Breaking news today: The Law Society of Ontario (LSO), which is the regulatory body governing lawyers and paralegals in the province, has decided to create a new category of paralegals – called “Family Legal Services Providers” (FLSP) – who are eligible to serve a limited role in representing lower-income Family litigants. After undertaking only 260 hours of additional training and then passing an exam, FLSP licensees will be allowed to provide Family clients with a narrow range of legal assistance and representation.
In creating this new FLSP license, the LSO adopted the recommendations in a 97-page Report by its Access to Justice Committee. That Report focused on addressing the fact that Ontario Family courts are brimming with self-represented litigants who do not qualify for Legal Aid representation, and are seen as being left to fend for themselves in the Family Justice system.
By creating an FLSP license – as the thinking goes – eligible paralegals could step in to bridge some of the current gaps in the available resources and representation options for Family litigants.
This LSO innovation might sound great on paper. Not surprisingly, it has received some laudatory coverage in the media. But in our view, it’s a misguided step on a slippery slope, one that veers towards the very unwise expansion of legal services provided by non-lawyers.
Why? Because the Canadian Family Law system is highly complex. There is no such thing as a “simple divorce”. Even looking at the individual components of the divorce process (such as negotiation, drafting separation agreements, and resolving parenting time disputes) they all feature legally-complicated, emotionally and financially-intricate issues. Plus, there are very high-stakes outcomes for the individual litigants, as the process unfolds.

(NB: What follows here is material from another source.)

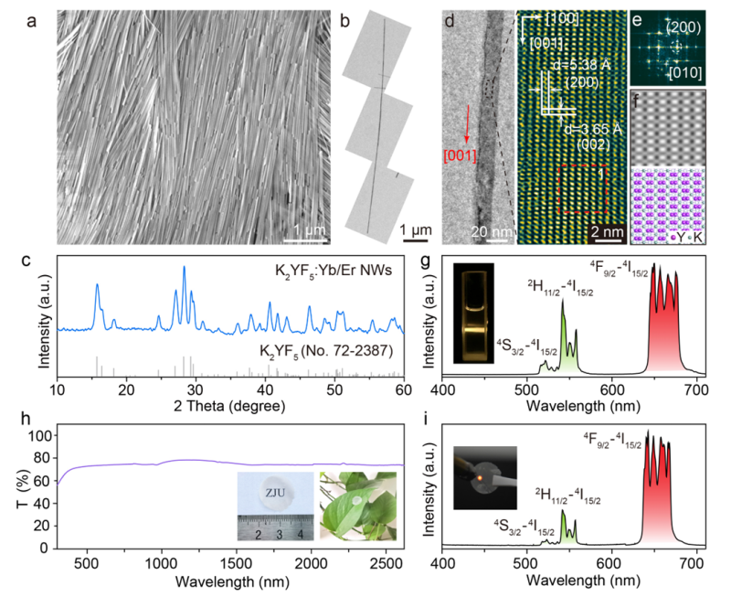 图1.K2YF5:Yb/Er上转换纳米线的晶体结构与光学性质。(a)K2YF5:Yb/Er纳米线的低倍扫描电子显微镜(SEM)图像。(b)单根超长纳米线的低倍透射电子显微镜(TEM)图像。(c)K2YF5:Yb/Er纳米线X射线衍射(XRD)谱图。(d)单根K2YF5:Yb/Er纳米线的低倍TEM图像(左)和高分辨率—低剂量TEM(HRTEM)图像(右)。(e)d图中选定区域的对应快速傅里叶变换(FFT)图像。(f)d图中选定区域的衬度转换函数(CTF)—校正去噪图像,顶部和底部分别为K2YF5的模拟投影电位图和结构模型。(g)环己烷溶液中的K2YF5:Yb/Er纳米线在980 nm激发(50 W/cm2)下的上转换发射光谱。插图:溶液的发光照片。(h)自立式K2YF5:Yb/Er薄膜的透射光谱。插图:薄膜的实物照片。(i)自立式K2YF5:Yb/Er薄膜在980 nm激发(1.50 W/cm2)下的上转换发射光谱。插图:薄膜的发光照片。

To competently handle these multi-faceted aspects, lawyers must undergo at least three years of intense legal training, plus an added period of apprenticeship. Some lawyers even embark on added focused learning, to obtain a Specialist Certification in Family Law from the LSO.

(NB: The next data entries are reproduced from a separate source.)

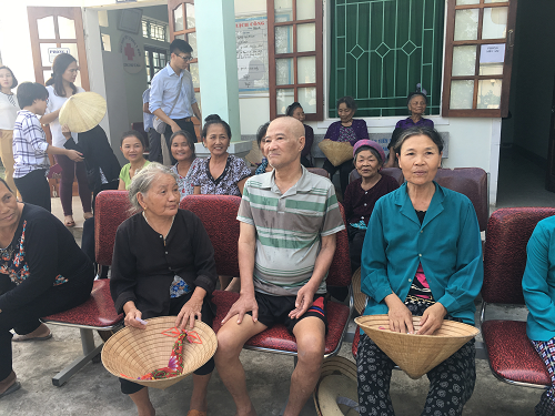(Bà con nhận số và ngồi đợi đến lượt đón tiếp thăm khám)
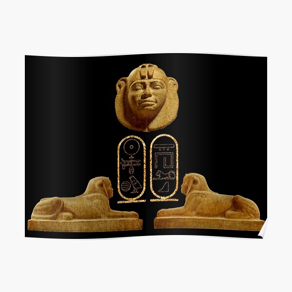 La statue du sphinx représente ici l'immense pouvoir du pharaon koushite Taharqa, dont le visage est visible. La coiffure est ornée de l'uræus, symbole de cette royauté, et le nom de Taharqa apparaît dans un cartouche sur le thorax du sphinx. Cette statue est considérée comme « une pièce majeure de l'art koushite. »
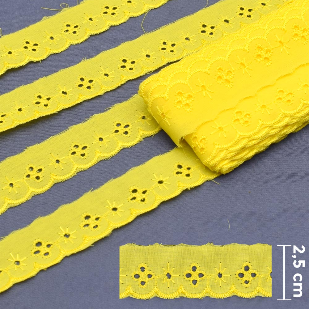 Bordado Inglês 2,5cm BP075 Amarelo Ouro - 13,7 Metros | artePunto

In contrast, the new FLSP license only calls for paralegals to undertake a paltry 260 hours (or about three months’ worth) of full-time additional study, before they are considered equipped to take on a narrow range of tasks.

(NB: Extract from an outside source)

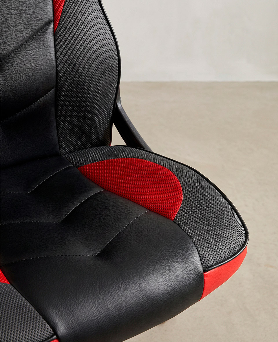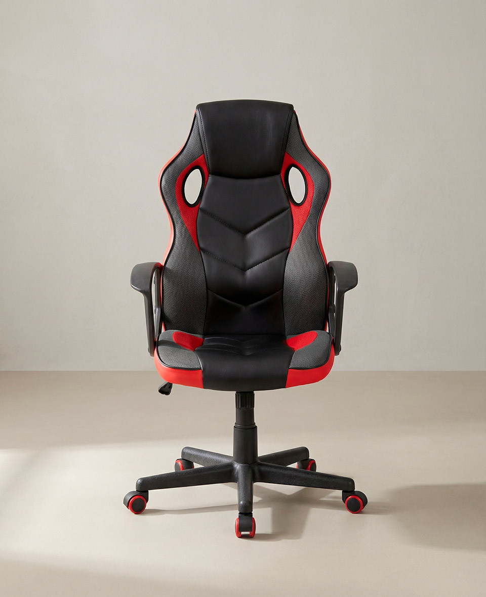 Esta silla se encuentra en color negro con rojo, azul o blanco.

With all due respect, that added three months’ of study is wholly inadequate. Granted, FLSP licensees would operate with a limited mandate; but even the most conscientious among them are very likely to make mistakes: Breaching Rules of Court, defying court Orders, and disobeying the Rules of Professional Conduct. Frankly, it’s inevitable for many reasons – not the least of which being the fact that FLSP licensees have less “skin in the game”, due to their vastly shorter professional training time, and the ability to charge lower fees.
There are also many nuances and ethical grey areas in Family Law that require in-depth legal training and expertise. These include situations involving conflict of interests, acting for both parties, and identifying a need for Independent Legal Advice. Again – even with the added few months of training and an exam – paralegals are unlikely to identify and properly address these.
The regrettable corollary, is that any “improvements” to access to justice will only be cosmetic than substantive – if there are improvements at all. In fact, it’s more likely that clients will be prejudiced. This means the public could lose confidence in the system, which in turn will bring the administration of justice into disrepute.
(And what happens when things go terribly wrong? Who are Family clients (and their paralegal representatives) going to call? Experienced, licensed, and fully-insured Family Lawyers – that’s who.)
Finally, there’s also a practical argument against creating a new FLSP license regime: It’s going to cost money. There will have to be a new regulatory structure, new training protocols, and a new set of educational resources created. This specialized class of paralegals will then have to be trained, policed and disciplined – all at the expense of the public.
In our view, these funds could be much better spent on improving and enhancing remote court hearings – because it’s a much more direct avenue for improving access to justice, especially for those who can least afford it.